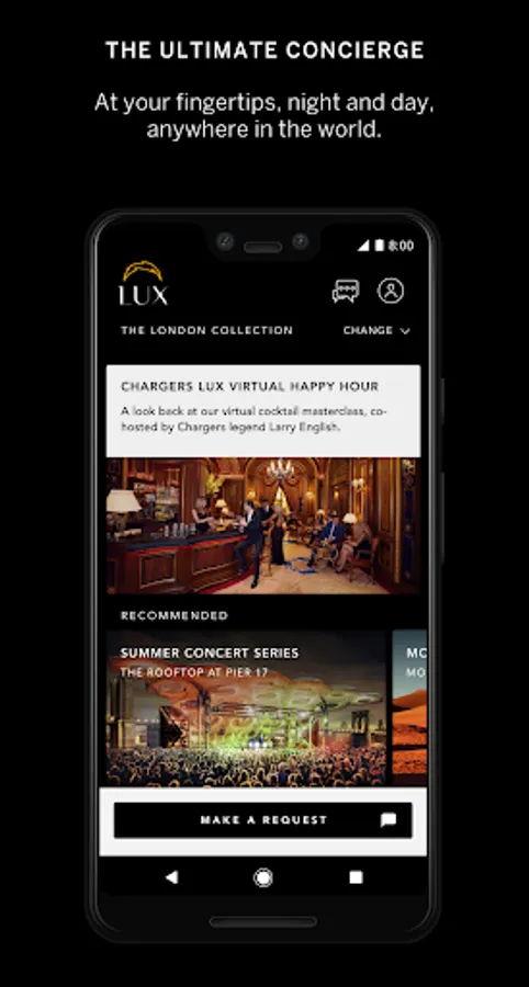 Chargers LUX app is a digital lifestyle concierge service for members only.
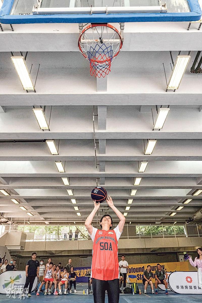 何永賢同其他官員一身波衫波鞋,羅淑佩去到充氣籃球面前「打卡」,動作多多。何永賢、戴尚誠同年輕球員一齊射籃,每人有兩次機會,年輕球員開頭一球都唔入,輪到何永賢,好易就入咗一球,戴尚誠都有一球進帳,主持人笑笑口話要靠局長嚟追分。
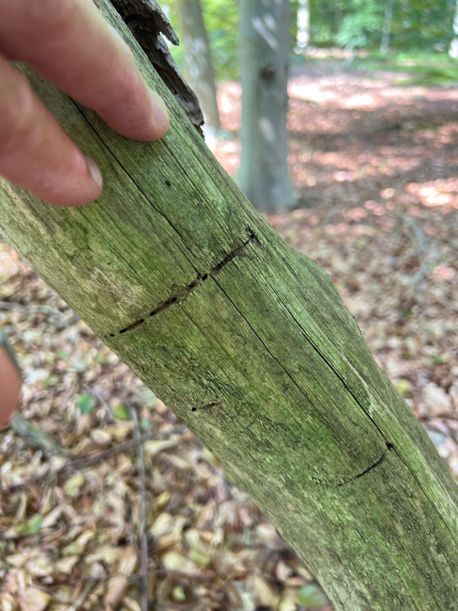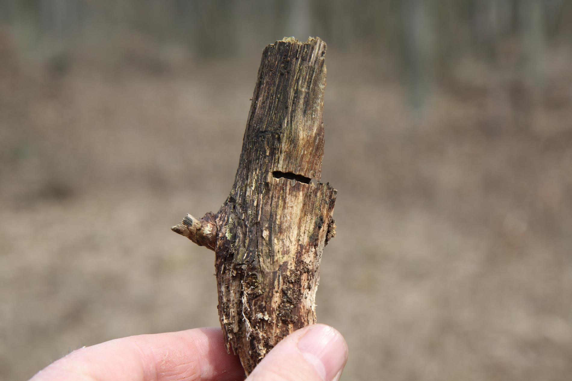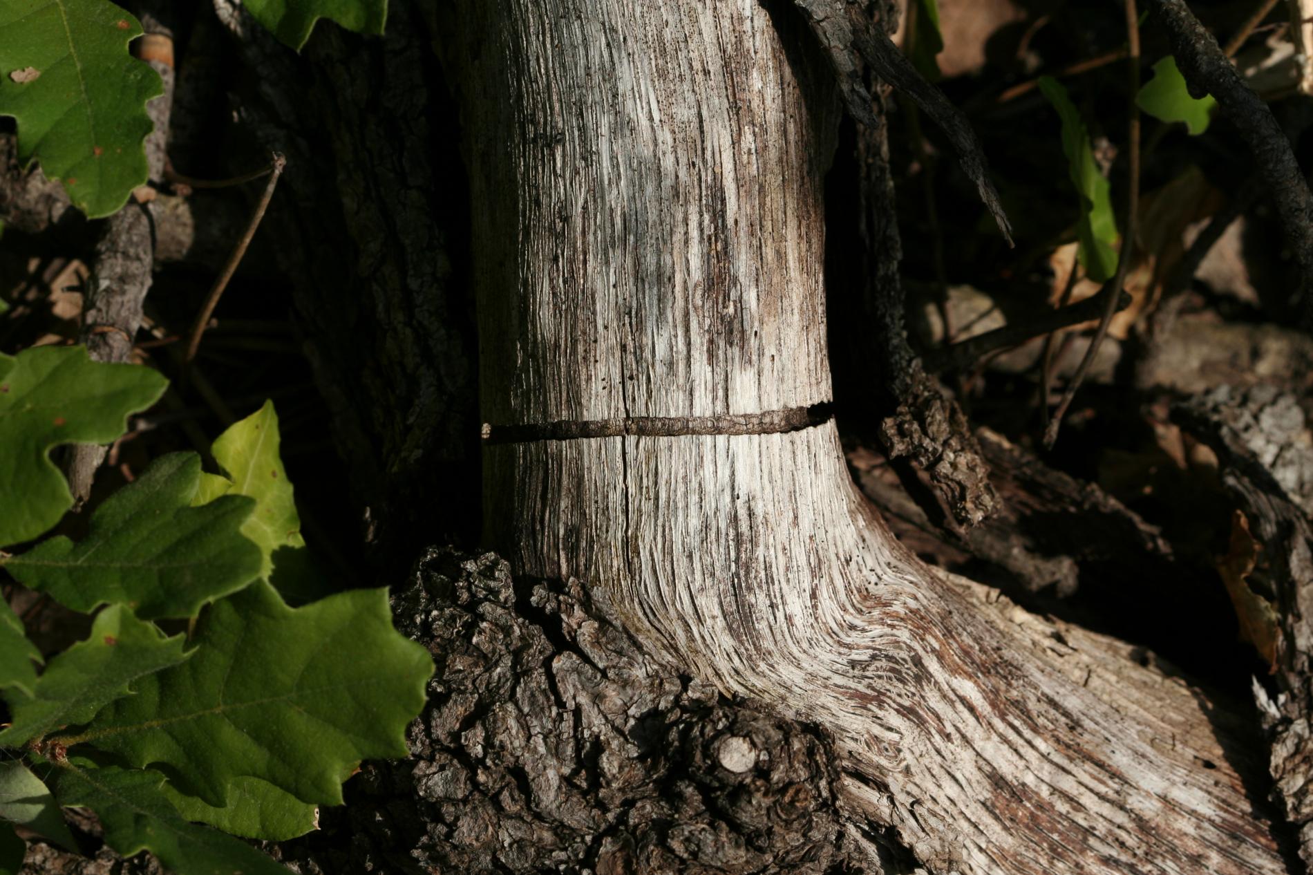 Vetva má v dreve chodbu prechádzajúcu okolo celého obvodu, často vidieť oválny výletový otvor.

================================

# [What to do]
Return all of the material precisely as written. No picture belongs in it.

# [Solution to the exercise]
 Chargers LUX app is a digital lifestyle concierge service for members only.
 何永賢同其他官員一身波衫波鞋,羅淑佩去到充氣籃球面前「打卡」,動作多多。何永賢、戴尚誠同年輕球員一齊射籃,每人有兩次機會,年輕球員開頭一球都唔入,輪到何永賢,好易就入咗一球,戴尚誠都有一球進帳,主持人笑笑口話要靠局長嚟追分。
 Vetva má v dreve chodbu prechádzajúcu okolo celého obvodu, často vidieť oválny výletový otvor.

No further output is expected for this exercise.